Tallulah Brown Van Zee
Mary Lee Talbot
Staff Writer
The Gospel of John begins with poetry. The Word, a poetic description of Jesus, was at the beginning of creation and came to life with human beings, called the incarnation. The Word became human and ended up being crucified by the state.
“This is inside baseball for Christian clergy,” the Rev. Dr. Jacqui Lewis began her sermon at the 9:15 a.m. Wednesday morning worship service in the Amphitheater. Her sermon title was “Just Love, so Our Joy May be Full,” and the scripture reading was John 16:16–24.
“There is a lot of Christian theology that celebrates the incarnation, and then at the end, we get a theology of atonement, at-one-ment, that insists that Jesus had to die in order to make us one, to have our sins forgiven,” she said.
Lewis continued, “As a young preacher, all I preached was that the Son of God had to die. As I became an older preacher, I had to wrestle with this idea and what could have been instead because humans are capable of violence when they are afraid.”
People in the time of Jesus — the time of Yeshua, Ben Joseph — were confused and angry.
“Remember Jesus was not a Christian; he was Jewish.

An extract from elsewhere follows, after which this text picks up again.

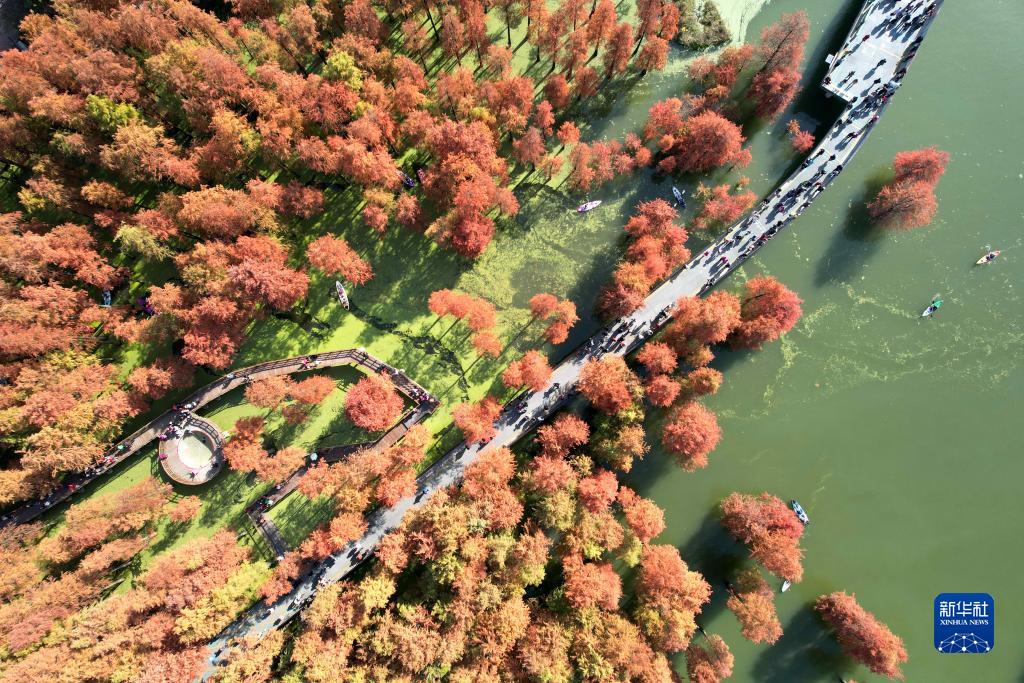 浙江省杭州市臨安區青山湖景區水上森林色彩斑斕(11月28日攝,無人機照片)。

He was a rabbi who had a new teaching, a reframing of what his colleagues thought,” she said. “This was not a new religion; it was looking at the tradition through a new lens, the lens of love. The authorities felt threatened, and in anger, they responded in violence.”

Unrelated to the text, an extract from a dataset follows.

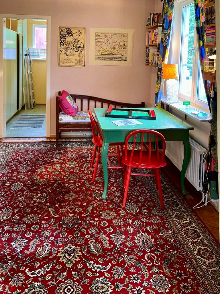 Sedan ringde våra grannar Ulf och Leif och undrade ifall vi ville ha en stor matta. Det ville vi gärna! Den pryder nu nästan hela biblioteksgolvet, i alla fall tills den dagen vi bestämmer oss för att fernissa om.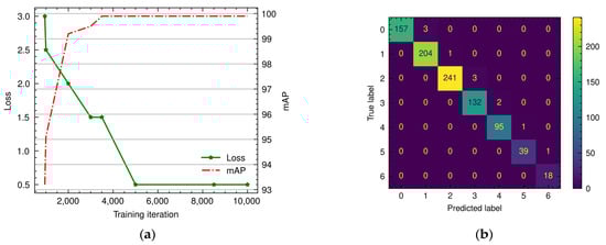 Figure 6a summarizes the performance of our detection model as a function of the training iterations on the 200 images composing our validation set. After approximately 5000 iterations, the loss value stabilizes at 0.5, and the mAP plateaus at ~99.9% after 3500 iterations. Although we cannot rule out model overfitting considering the similarity of the images in the training and validations sets, in this experimental environment this behavior is acceptable because all the frames used for the analysis were obtained under virtually identical conditions.

Lewis admitted she had a difficult time believing in a God who would send a child to be killed by God. She told the congregation she had to believe that God did better, and we are the ones who killed God’s child. She urged the congregation to think critically. “If we say that love made flesh had to die, violence had to be the response. We are wounded, so we wound them. The airplanes on 9/11 were turned into bombs, and the catastrophic loss led to more violence.”

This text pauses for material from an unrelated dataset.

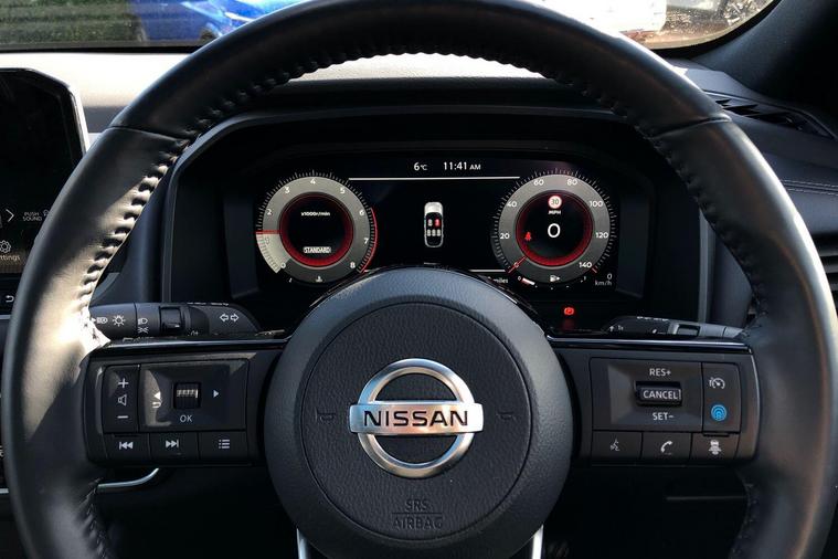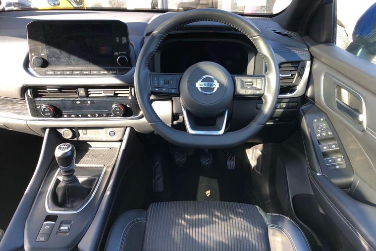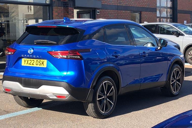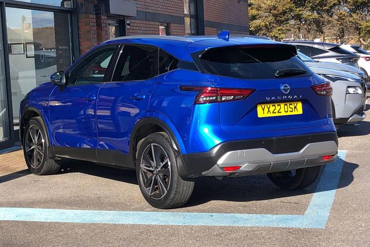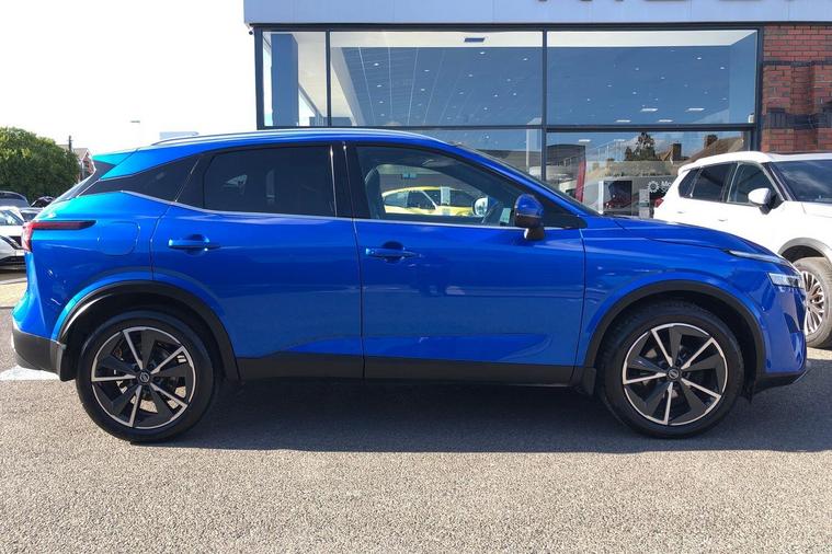 This 2022 Nissan Qashqai DIG-T Tekna is a Nissan manufacturer approved vehicle, offering you complete peace of mind with 12 months warranty and a full service history. This Euro 6 compliant model features a 1.3L Petrol Hybrid engine, combining efficiency with performance. The Tekna trim level ensures you benefit from a host of advanced technology, including Blind Spot Warning with Intelligent Blind Spot Intervention, a Dusk Sensor for automatic headlights, and an Intelligent Around View Monitor with a 360 degree camera for effortless parking. Front and rear parking sensors further enhance your parking experience.The Qashqai DIG-T Tekna stands out with its generous boot space, providing ample room for all your needs, and its position in a low insurance group, making it an economical choice. These aspects, alongside its comprehensive safety and convenience features, demonstrate how this Qashqai offers a superior driving experience compared to other vehicles in its class..

After 9/11, young Muslim men were asked why the Twin Towers of the World Trade Center were attacked. The response was that the towers were too tall. “On Oct. 7, Hamas decided there was ‘too much,’ on the other side,” she said.
Lewis said, “If violence is the response to fear, it leads to more violence, and we have war all over the world. If we believe it is right to have a violent response to violence, we break the soul and that leads to the loss of life, safety and dignity.”
In the scripture reading for the day, often called the Farewell Discourse, Jesus tries to provide comfort for the disciples. He told them that he was about “to be out of here” because his ministry of love and justice had put his life in danger.
“Jesus told them they would be mourning and they would not see him, but the Spirit of love would comfort them,” Lewis said. “Jesus told them to love each other. The coming of the Spirit was not a consolation prize. The promise of a comforter means there will be joy, but they could not imagine joy on the other side of their loss by Jesus’ death.”
This joy would not be put off until everyone got to heaven, but was the way they were to relate to each other.
Lewis’ father died of ALS, and it broke the souls of her family. Yet every time she goes to barbecue some ribs or grill chicken, she can feel him standing by her.
“If there is a thing like resurrection, (my father) lives here in the present,” she said. “Jesus promised the disciples that he would be present to them when they loved each other.”
As she showed the congregation her “Just Love Liberates” T-shirt, she said: “My real super power comes from grief. We only get to a place of joy when we talk through grief. We can build a world together if we let ourselves mourn together, when we hold on when it gets hard. We will get to the promised land together. Everything else is commentary.”
The Rev. George Wirth, a retired Presbyterian minister, presided. Melissa Spas, vice president for religion at Chautauqua, read the scripture. Owen Reyda, organ scholar, performed “Prelude on a Theme by Orlando Gibbons,” by C.V. Stanford, on the Massey Memorial Organ. The Motet Choir, under the direction of Joshua Stafford, director of sacred music and the Jared Jacobsen Chair for the Organist, sang “If ye love me,” music by Philip Wilby and text from John 14:15–18. The choir was accompanied by organ scholar Laura Smith on the Massey Organ. Stafford, performed Toccata in D minor, by C.V. Stanford on the Massey Organ. Support for this week’s chaplaincy and preaching is provided by the Edmond E. Robb-Walter C. Shaw Fund.